Khrushchev was born April 15, 1894,[b][1] in Kalinovka,[2] a village in what is now Russia's Kursk Oblast, near the present Ukrainian border.[3] His parents, Sergei Khrushchev and Ksenia Khrushcheva, were poor peasants of Russian origin[3] and had a daughter two years Nikita's junior, Irina.[1] Sergei Khrushchev was employed in a number of positions in the Donbas area of far eastern Ukraine, working as a railwayman, as a miner, and laboring in a brick factory. Wages were much higher in the Donbas than in the Kursk region, and Sergei Khrushchev generally left his family in Kalinovka, returning there when he had enough money.[4]
Khrushchev in 1916
Kalinovka was a peasant village; Khrushchev's teacher, Lydia Shevchenko later stated that she had never seen a village as poor as Kalinovka had been.[5] Nikita worked as a herdsboy from an early age. He was schooled for a total of four years, part in the village parochial school and part under Shevchenko's tutelage in Kalinovka's state school. According to Khrushchev in his memoirs, Shevchenko was a freethinker who upset the villagers by not attending church, and when her brother visited, he gave the boy books which had been banned by the Imperial Government.[6] She urged Nikita to seek further education, but family finances did not permit this.[6]

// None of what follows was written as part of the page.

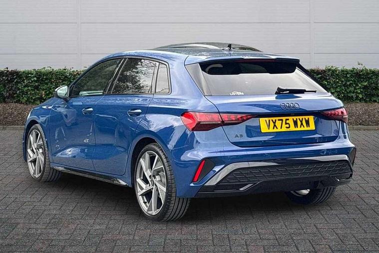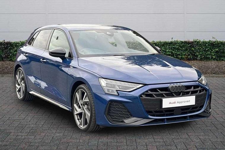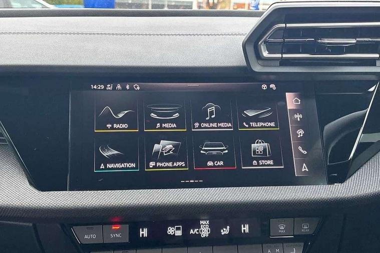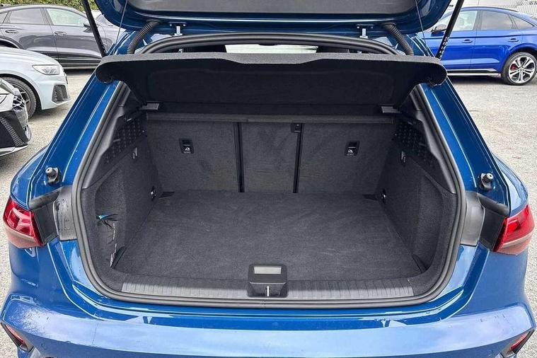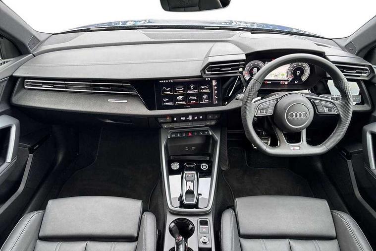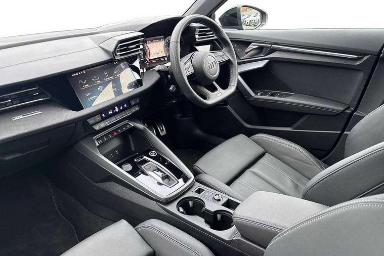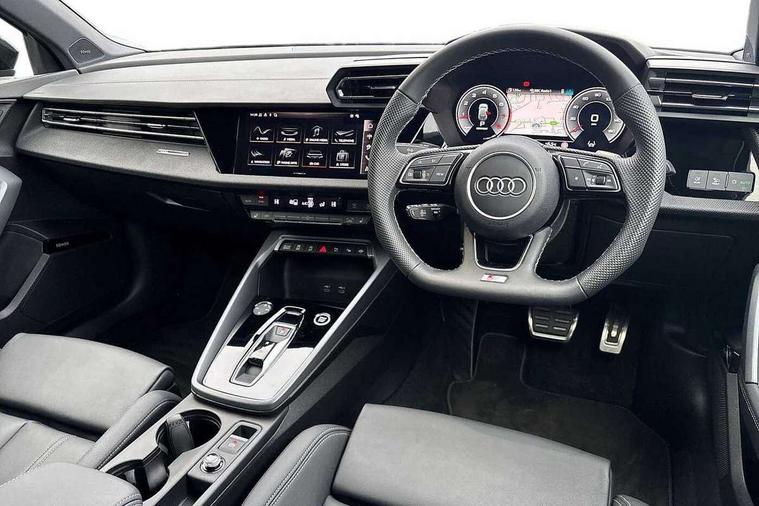 Adjustable speed limiter, Audi drive select, Audi smartphone interface with app store includes wireless Apple carplay, Android auto and Amazon alexa integration, Audi virtual cockpit plus - 12.3" full HD resolution dynamic digital instrument cluster, Automatic start/stop system with recuperation, Bluetooth interface, Camera based traffic sign recognition, Collision avoidance assistant, Cruise control, Distraction and Fatigue warning, e-Call (emergency call), Electromechanical power speed sensitive steering, Emergency assist, Lane departure warning system, MMI Navigation Plus with high resolution 10.1" colour touch screen display, Park Assist with parking system Plus, Service indicator, Tailgate, Trip computer, Voice control system with natural language interaction, Sports suspension, Audi Phonebox light with wireless charging, Audi sound system - 10 loudspeakers including centre loudspeaker and subwoofer, DAB Digital radio, USB ports with charging function in the rear, Acoustic glass windscreen, All weather light, Anthracite grey Audi rings (front and rear), Audi beam uses LEDs to project the Audi logo onto the ground as you exit your A3, Auto dimming frameless rear view mirror, Automatic dynamic range control, Black accents front and rear bumpers, Black accents in the area of the Audi single frame grille, Black accents window trims strips, Dipped beam, main beam, position light and turning light, Electrically adjustable/heated/folding/auto dimming door mirrors with integrated LED indications + kerb view function for passenger side, Exterior model badging, Front and rear side air inlets in grained matt black with dark liquid chrome frame, Front electric windows, Heat insulating glass windscreen, Illuminated door sills with aluminium inserts at the front with S logo, Intersection light, LED 3rd brake light, LED brake lights, LED daytime running x3, LED headlights with LED rear lights and dynamic rear indicators, LED rear number plate lights, LED reverse light, LED tail lights, Light and rain sensors, Manoeuvring light, Motorway light, Privacy glass - dark tinted rear window, rear door and side windows, Rear diffuser and grill in grained matt black with inlay in dark liquid chrome, Rear electric windows, Rear side wing doors, Rear wiper, S roof spoiler, Static cornering light, 12V socket and storage compartment in front centre console, 3 seat bench in 2nd row, 3 spoke flat bottomed leather multifunction sport steering wheel with gear shift paddles, 3-zone deluxe automatic air conditioning, 4 way electrically adjustable lumbar support for driver and front passenger, 40/20/40 split folding rear seat bench, Black cloth headlining, Black front and rear floor mats, Front and rear centre armrest in artificial leather with contrasting stitching on armrests and instrument panel, Front and rear headrests, Heated front seats, Height and reach adjustable steering wheel, Manual boot compartment lid, Manually adjustable front seats, Rear centre armrest with cupholder, S badging on the steering wheel, Seat side bolsters, Single front passenger seat, Stainless steel pedals and front footrest in black, Twin leather upholstery with front sports seats S embossed logo, Aluminium interior elements pack - A3, 3x3 point rear seat belts, Driver and front passenger airbag with passenger airbag deactivation, Electronic Stabilisation Control (ESC) including ABS, ASR and EDL, First aid kit with warning triangle and 2 safety vests, Front side airbags with head airbags and interaction airbag, Hill hold assist, Pre-sense front with pedestrian and cyclist detection, Seatbelt monitoring, Tyre pressure loss indicator, Anti theft alarm, Anti-theft wheel bolts, Electronically operated child locks, Immobiliser, Remote central locking with safelock, Black dashboard,

In 1908, Sergei Khrushchev moved to the Donbas city of Yuzovka; fourteen-year-old Nikita followed later that year, while Ksenia Khrushcheva and her daughter came after.[7] Yuzovka, which was renamed Stalino in 1924 and Donetsk in 1961, was at the heart of one of the most industrialized areas of the Russian Empire.[7] After the boy worked briefly in other fields, Khrushchev's parents found him a place as a metal fitter's apprentice. Upon completing that apprenticeship, the teenage Khrushchev was hired by a factory.[8] He lost that job when he collected money for the families of the victims of the Lena Goldfields Massacre, and was hired to mend underground equipment by a mine in nearby Rutchenkovo,[9] where he helped distribute copies and organize public readings of Pravda.[10] He later stated that he considered emigrating to the United States for better wages, but did not do so.[11]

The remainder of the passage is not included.